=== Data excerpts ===

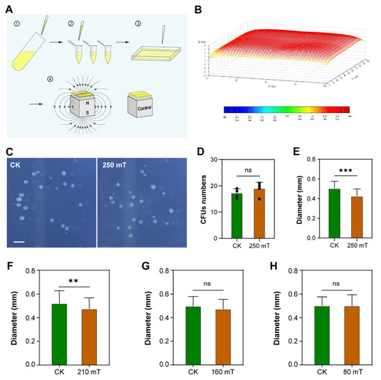 SMF treatment inhibits bacterial growth. (A) A diagram to show experimental procedure. Five milliliters bacteria cultured overnight were diluted step by step, and the dilution was spread on the surface of the medium. The petri dish was put on a magnet or a cubic iron as a control at 37 °C. (B) Magnetic field distribution of the E. coli growth plane, 10 mm above the NdFeB magnet. (C) Phenotype of colonies treated with (250 mT) or without (CK) SMF. (D) Effect of SMF on the number of CFUs. (E–H) Effect of SMF on the diameter of CFUs. Data shown as mean ± SD. n > 50. Statistical analysis was performed by t-test. ns p > 0.05, ** p < 0.01, *** p < 0.001.
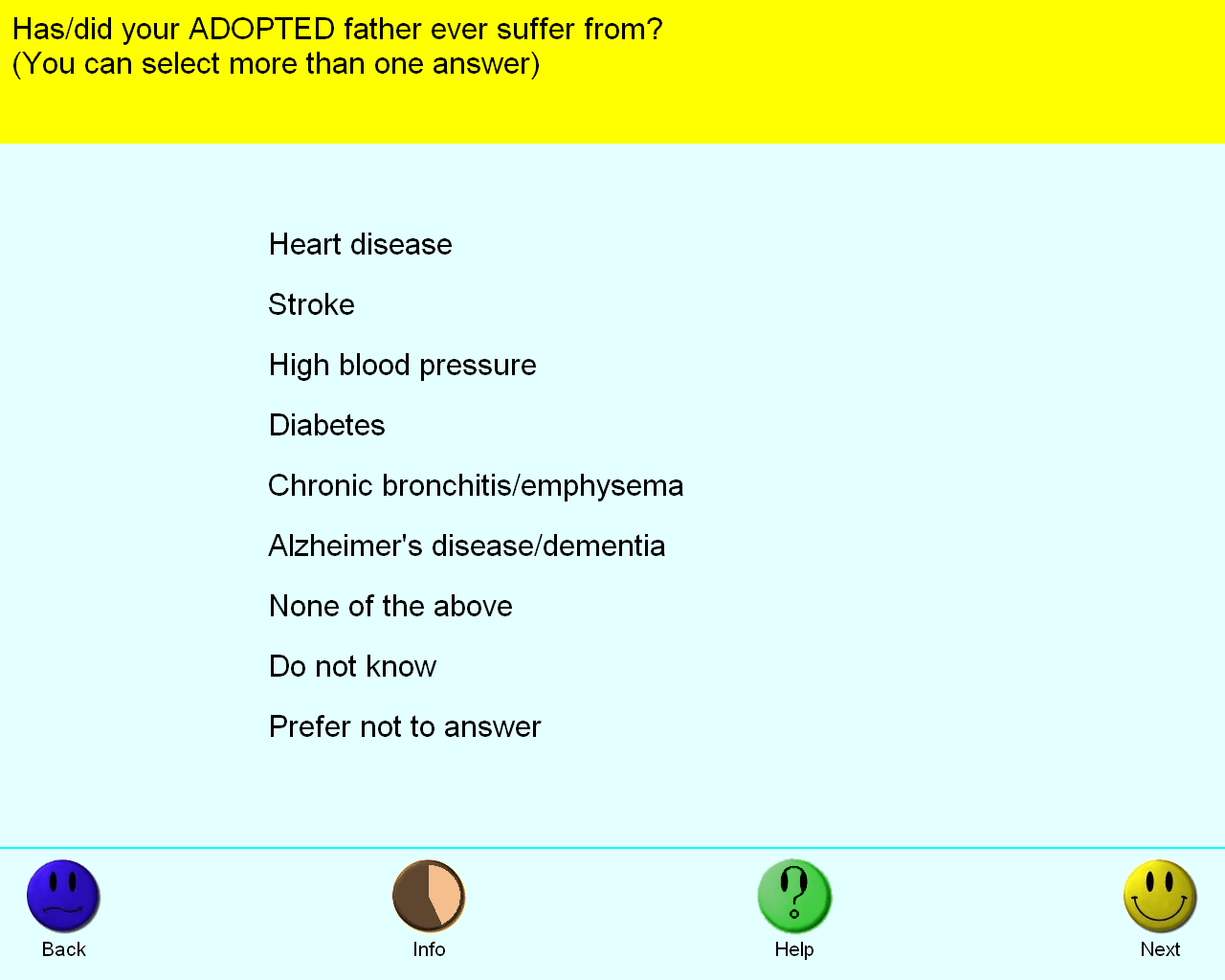 Screenshot of touchscreen questionnaire used to capture field 6166 in the UK Biobank Assessment Centres using the ACE system.
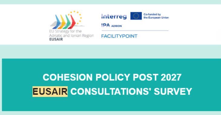 La consultazione sul futuro della politica di coesione oltre il 2027 è condotta dal Facility Point dell'EUSAIR (IPA ADRION 2021 – 2027) insieme a StEP (IPA ADRION 2021 – 2027) e con il supporto della società M&E Factory.
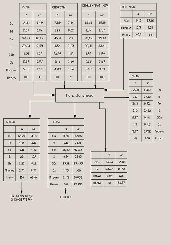 Штейн,% в том числе: Cu-30,3; Ni-2,12; Fe-4,43; S-10,7 |
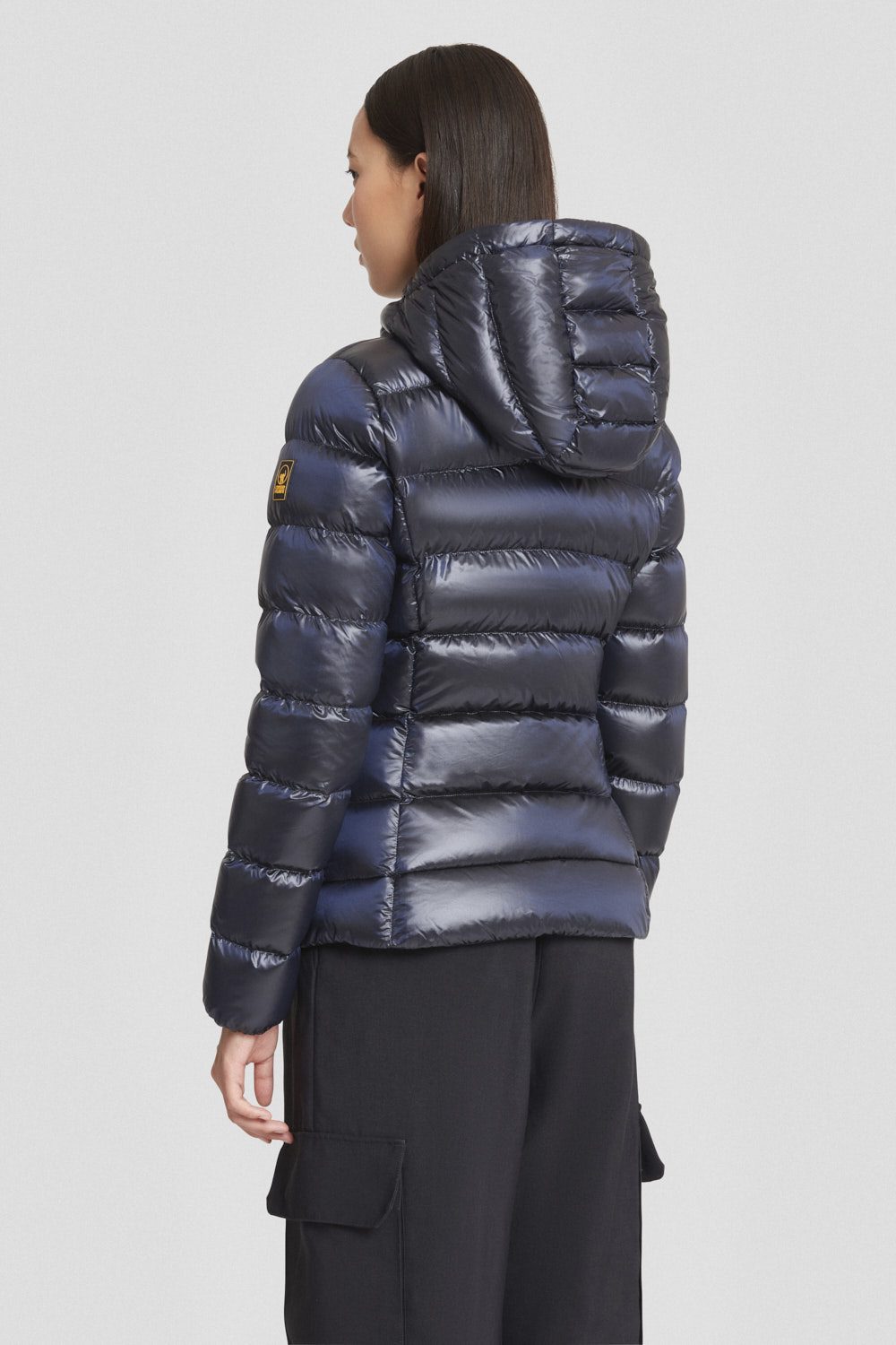 Piumino blu con cappuccio, 200 grammi e realizzato in tessuto microripstop lucido a trama nera e imbottito con vera piuma certificata 800 fill power.
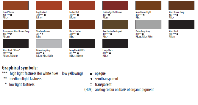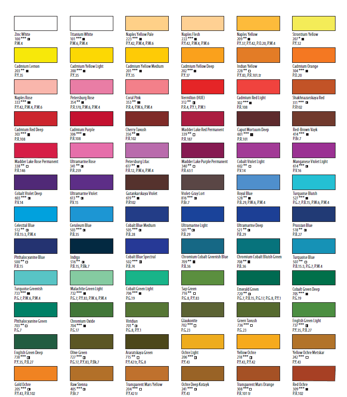 Profesionální olejové barvy St. Petersburg, jejichž barevná paleta je složena z tradičních barevných základů na bázi přírodních zemin, kadmia, kobaltu a železooxidových pigmentů. Jemně disperzní, pastovité umělecké barvy kategorie Master Class jsou vysoce ceněny pro svou barevnou čistotu, vysokou světlostálost a výbornou mísitelnost.
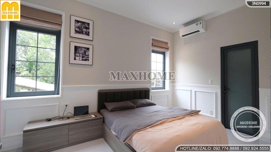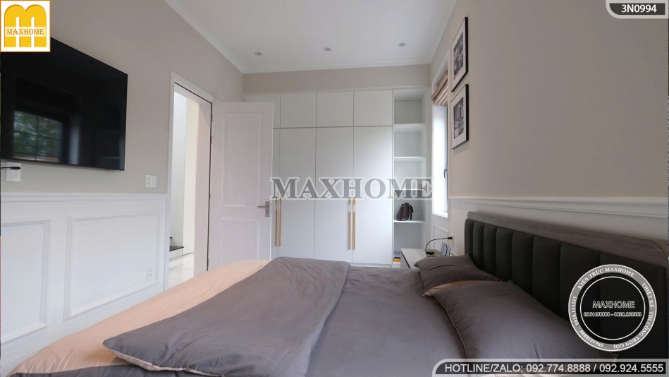 Phòng ngủ mang vẻ đẹp ấm cúng, thanh lịch và đầy tiện nghi, được thiết kế với tông màu trung tính làm chủ đạo, tạo cảm giác thư giãn và dễ chịu. Giường ngủ gỗ kết hợp cùng bộ chăn ga màu ghi – be hài hòa, mang đến sự tinh tế mà không kém phần sang trọng.
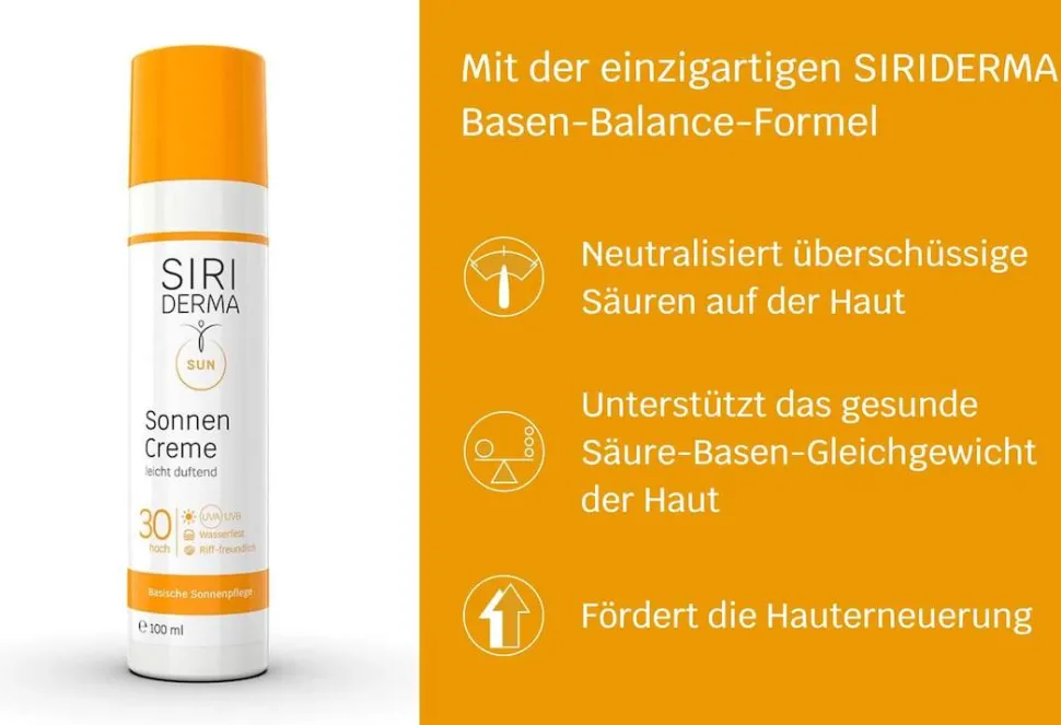 Die Haut wird direkt beim Auftragen geschützt. Durch den Siriderma-typischen leicht basischen Charakter der Sonnencreme werden Säuren, die sich auf der Haut abgelegt haben, wie zum Beispiel durch Schwitzen, beim Eincremen neutralisiert und die Haut wird angenehm beruhigt.
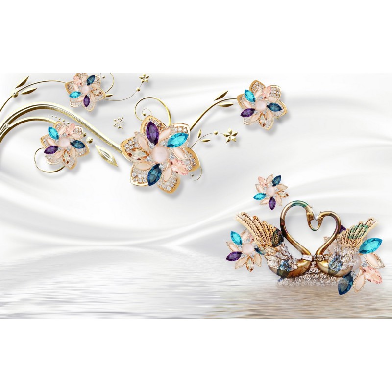 Теги: цветы, золото, лебеди, самоцветы, драгоценности, вода
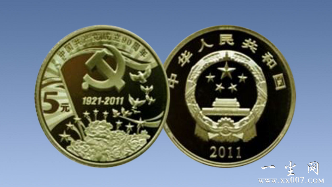 2011年6月16日,由中国人民银行发行的建党90周年纪念币(面值5元)以我国共产党建党90周年为蓝图,以中国共产党党徽、党旗为背景,勾画出中国美好前景。由于题材重大,刚刚上市便受到收藏投资客的哄抢,现在市场前景大好,涨幅都在5倍以上。许多钱币收藏专家纷纷表示,这个纪念币象征中国共产党建党90周年,题材意义好,纪念性独特,未来市场前景必好。
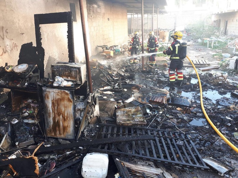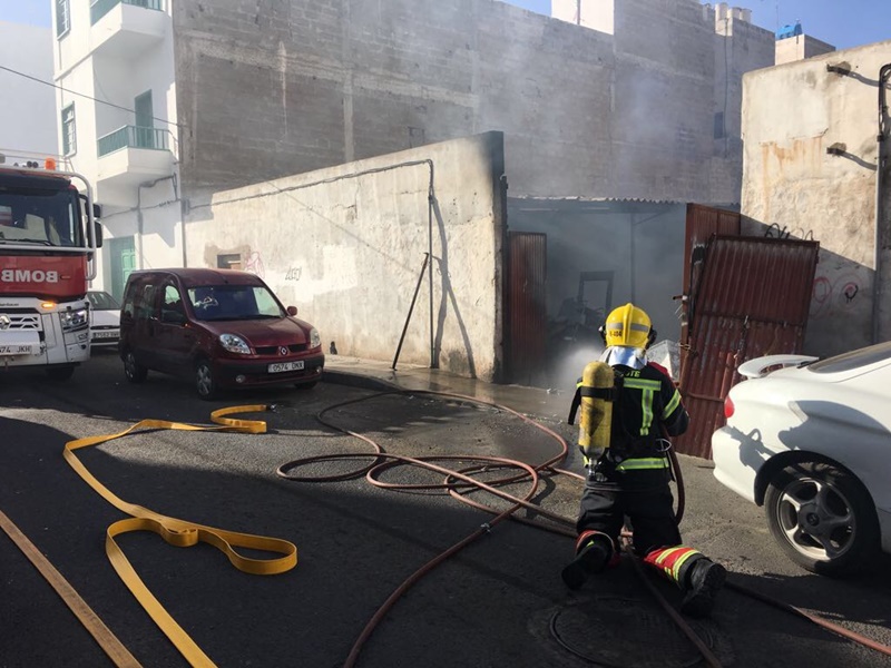 Los bomberos del Consorcio de Seguridad y Emergencias del Cabildo de Lanzarote sofocaron este viernes el incendio de un solar con algunas habitaciones, ubicado en la calle La Inés de Arrecife, en el barrio capitalino de La Vega, que eran utilizadas por okupas como viviendas, según apuntan desde el Consorcio.
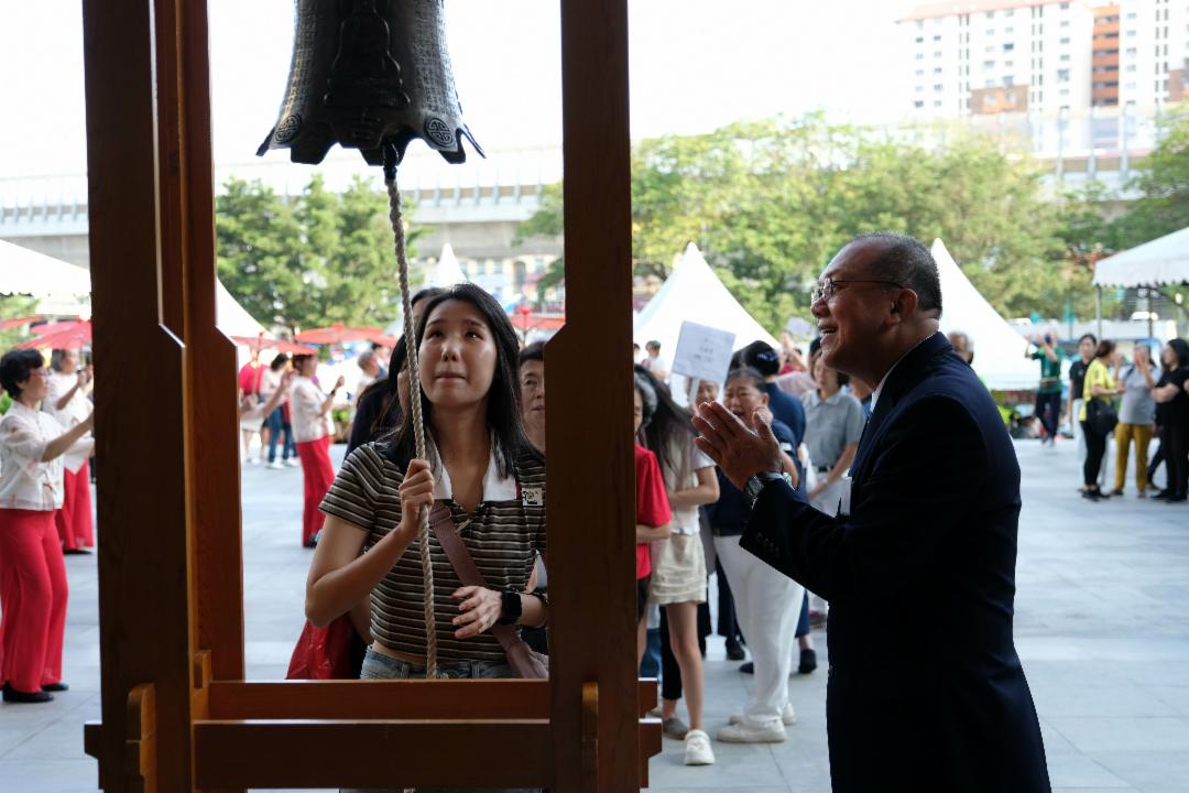 志工用心筹备,让岁末祝福不仅止于观礼,而是一段可参与、可感受的时光。步入协立广场,约十位乐龄女士以广场舞热情迎宾;会众可敲钟、击鼓,或点灯许愿,为新的一年祈福。
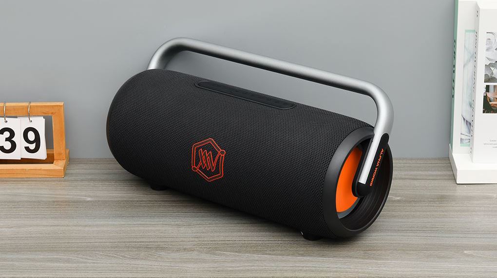 Loa Bluetooth được chế tác với kiểu dáng hiện đại, mang phong cách mạnh mẽ nhưng vẫn giữ được sự tinh tế trong từng đường nét. Thân loa được bao bọc bởi lớp vải cao cấp màu đen, tạo cảm giác chắc chắn và sang trọng, đồng thời giúp bảo vệ loa khỏi trầy xước hay bụi bẩn trong quá trình sử dụng.
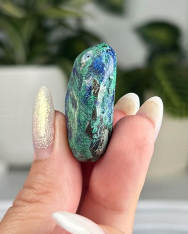 Exemplar com inclusões de crisocola e malaquite.
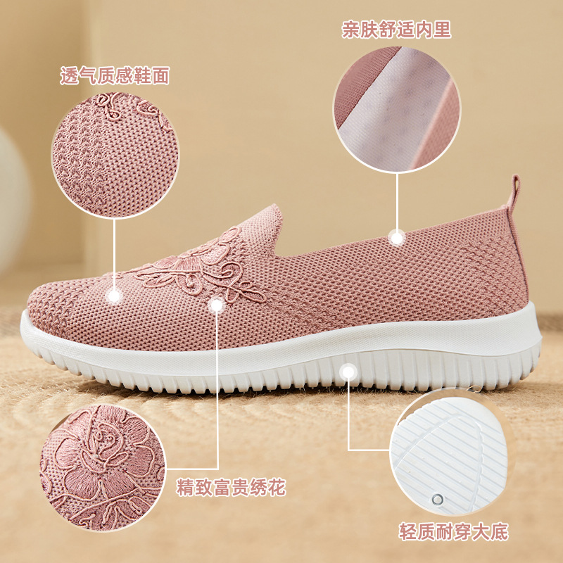 鞋子女2024秋季新款老北京布鞋绣花妈妈鞋浅口一脚蹬女鞋跨境工厂
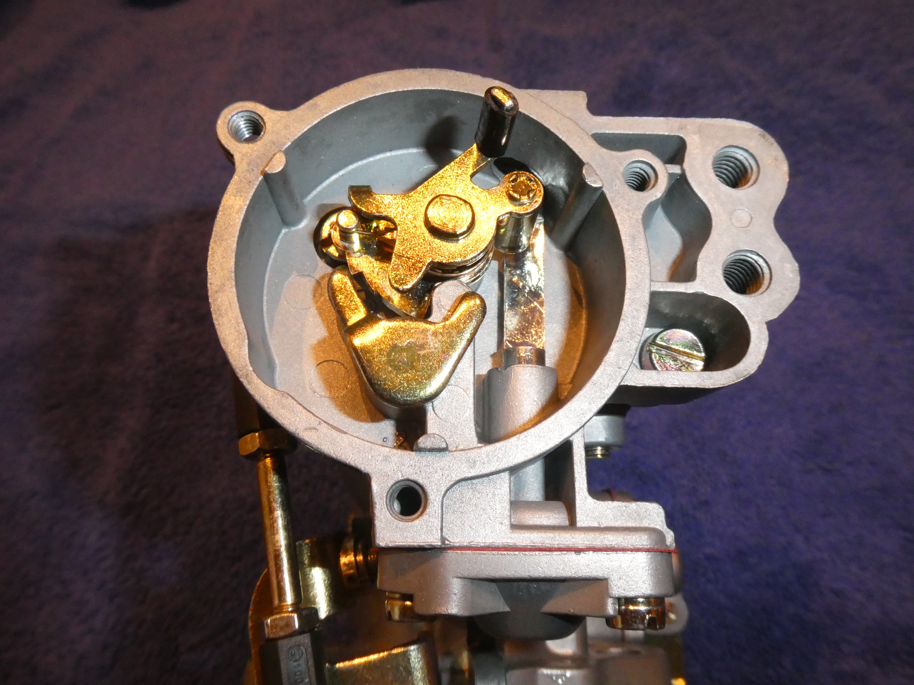 Auf der oberen Seite der Klappe kann man die Übergangsbohrungen für den Teillastbereich und die Bohrung für die Frühverstellung der Zündung sehen. Sie dürfen auf keine Fall von der Unterseite sichtbar sein.

=== What you will do ===
I would like you to set down the lines above, from the one containing "鞋子女2024秋季新款老北京布鞋绣花妈妈鞋浅口一脚蹬女鞋跨境工厂" to the final line, exactly as written and without pictures.

=== Problem solution ===
 鞋子女2024秋季新款老北京布鞋绣花妈妈鞋浅口一脚蹬女鞋跨境工厂
 Auf der oberen Seite der Klappe kann man die Übergangsbohrungen für den Teillastbereich und die Bohrung für die Frühverstellung der Zündung sehen. Sie dürfen auf keine Fall von der Unterseite sichtbar sein.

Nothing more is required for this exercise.